4 years on: Evaluating the quality and effectiveness of Data Management Plans

Janice Chan1, Amy Cairns2, John Brown3

1Curtin University, Perth, Australia, Janice.chan@curtin.edu.au

2Curtin University, Perth, Australia, Amy.Cairns@curtin.edu.au

3Curtin University, Perth, Australia, John.Brown@curtin.edu.au

 

Introduction

The Data Management Planning (DMP) Tool[1] at Curtin University was developed in 2014. Since its launch, Curtin staff and students have created over 4,800 Data Management Plans (DMPs). While the high number of DMPs created is encouraging, it may or may not have a direct correlation to improved data management practice. This presentation outlines the actions being taken at Curtin University to evaluate the effectiveness of DMPs, and how the analysis of DMP data is being used to improve provision of services to support research data management.

DMPs at Curtin

The DMP Tool is embedded in the research life cycle at Curtin University. DMPs are mandatory for researchers requiring human and animal ethics approval. Higher Degree by Research students must submit a DMP on candidacy application. Researchers who require access to the Curtin research data storage facility (R drive) must also complete a DMP[2].

DMP analysis

In 2018, 4 years since the launch of the DMP Tool, the Library analysed DMP data and gained some useful insights. The data answered questions such as which faculty produced the most DMPs? How many DMPs have been updated since creation? How much storage was actually used as opposed to storage requested? When are the peak times for DMP creation?  This information has been useful for providing support services.

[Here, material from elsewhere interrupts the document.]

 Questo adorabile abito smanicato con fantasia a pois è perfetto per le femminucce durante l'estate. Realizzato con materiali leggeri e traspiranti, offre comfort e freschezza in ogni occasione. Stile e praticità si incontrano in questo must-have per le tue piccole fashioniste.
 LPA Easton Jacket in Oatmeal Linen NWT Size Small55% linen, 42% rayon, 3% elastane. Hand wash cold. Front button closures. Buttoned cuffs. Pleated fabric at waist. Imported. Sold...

As of 23 May, 4,843 DMPs have been created, of which 44% were created by staff, and 56% by students. Figure 1 shows the breakdown by faculty and DMP owner type.

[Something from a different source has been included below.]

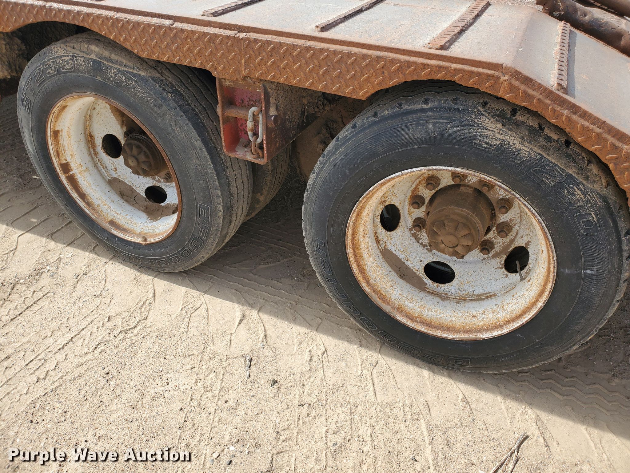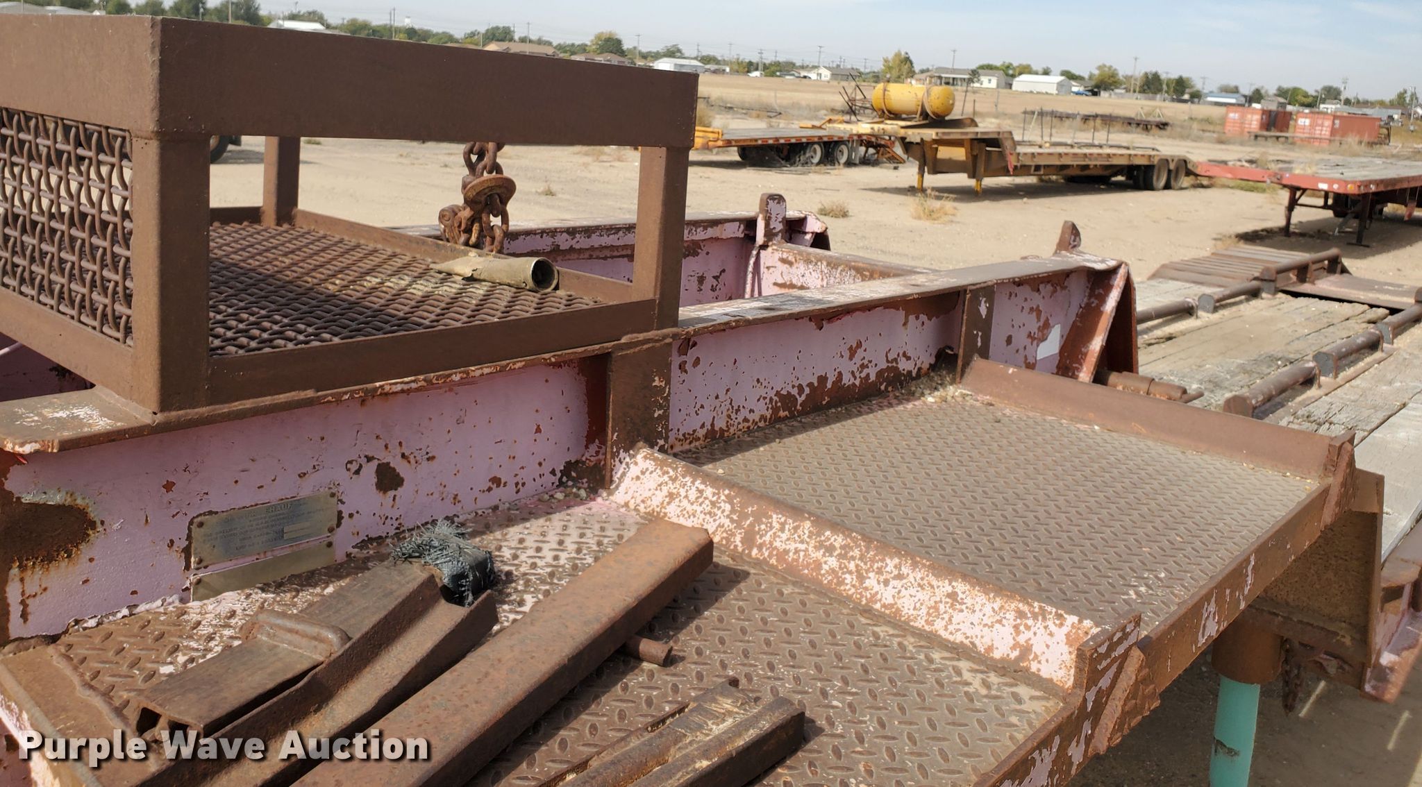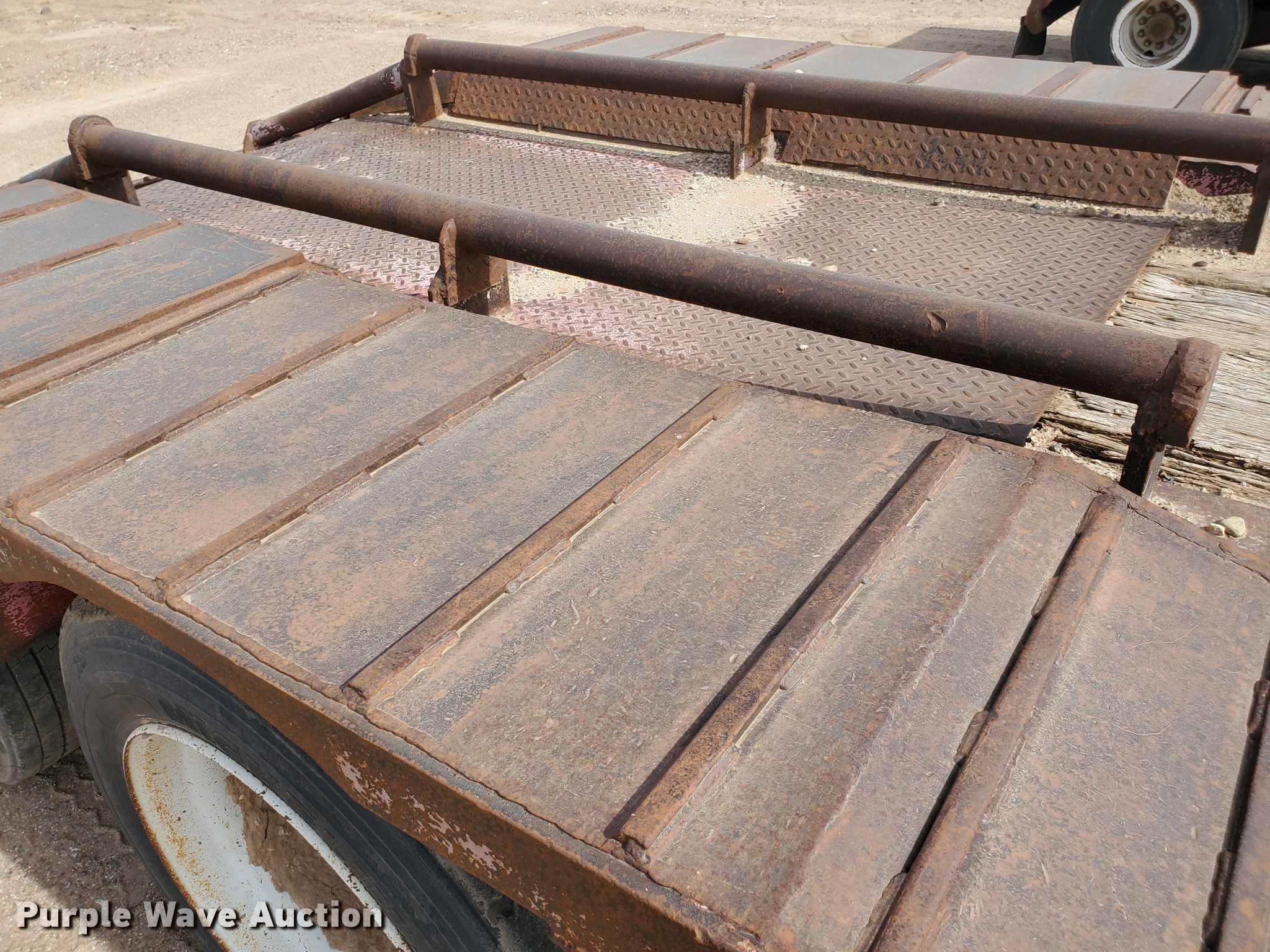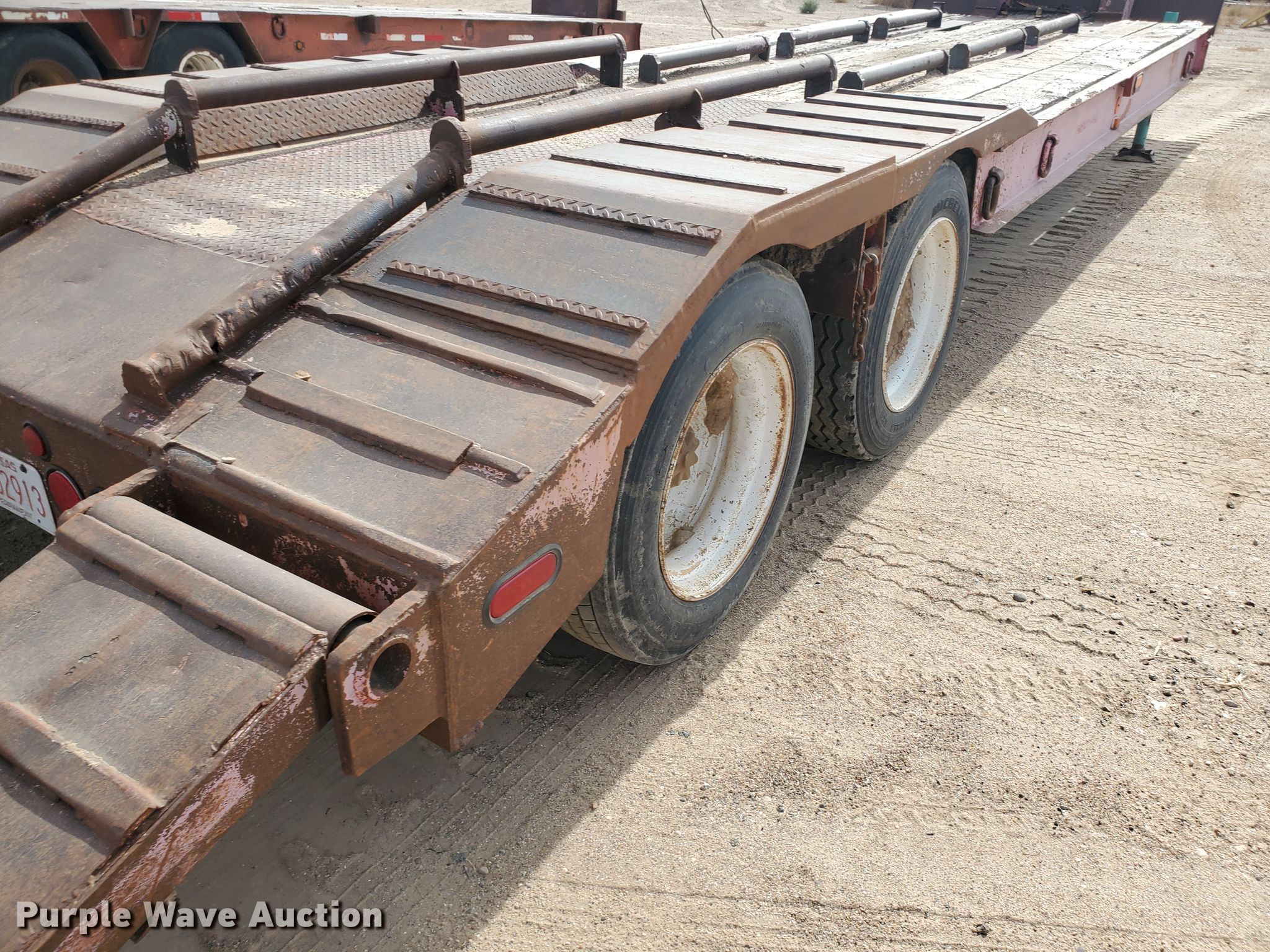 Purple Wave is selling a used Equip. Trailer in Kansas. This item is a 1976 Fruehauf C25L-J2 equipment trailer with the following: 33'L x 96"W overall, 21'L deck, 36" floor height, 4' tail length, 4'L ramps, Steel and wood deck, Dual leg landing gear, Spring suspension, Air brakes, Tandem axle, Steel wheels, 255/70R22.5 tires, GVWR 42,760 lbs, GAWR 15,920 lbs, Unit# 101

Figure 1: Data management plans by faculty and owner type

Figure 2 shows the number of DMPs created by month in the full years between 2015 and 2017. This maps out the peaks and troughs of DMPs creation which helped the Library to plan for RDM service and schedule new DMP support workshops based on point of need.

Figure 2: DMPs created by month Jan 2015 – Dec 2017

Questions in the DMP Tool are mostly optional, and DMPs created are not reviewed except for DMPs submitted for ethics or candidacy applications. While the DMP data indicated that the majority of optional questions were not left blank, this in iteslf is not an indicator of quality metadata in DMPs, nor does it demonstrate that DMPs have improved research data management practice at Curtin. This requires further investigation.

Evaluating the effectiveness of DMPs

Based on the research question “Do DMPs improve research data management practice?” the Library collaborated with the School of Media, Creative Arts, and Social Inquiry at Curtin University to address this question through the work of a Masters student. Library staff are now working with the research student and her supervisor to develop the scope of the research project, methodology, and expected outputs.

Survey questions have been developed with input from the Library and the Research Office. Invitations to complete the survey will be sent out to researchers who have completed at least one DMP, and will be sent from the Research Office in order to maximize response rate. Respondents can opt in to participate in focus groups to discuss the survey questions further with the researcher.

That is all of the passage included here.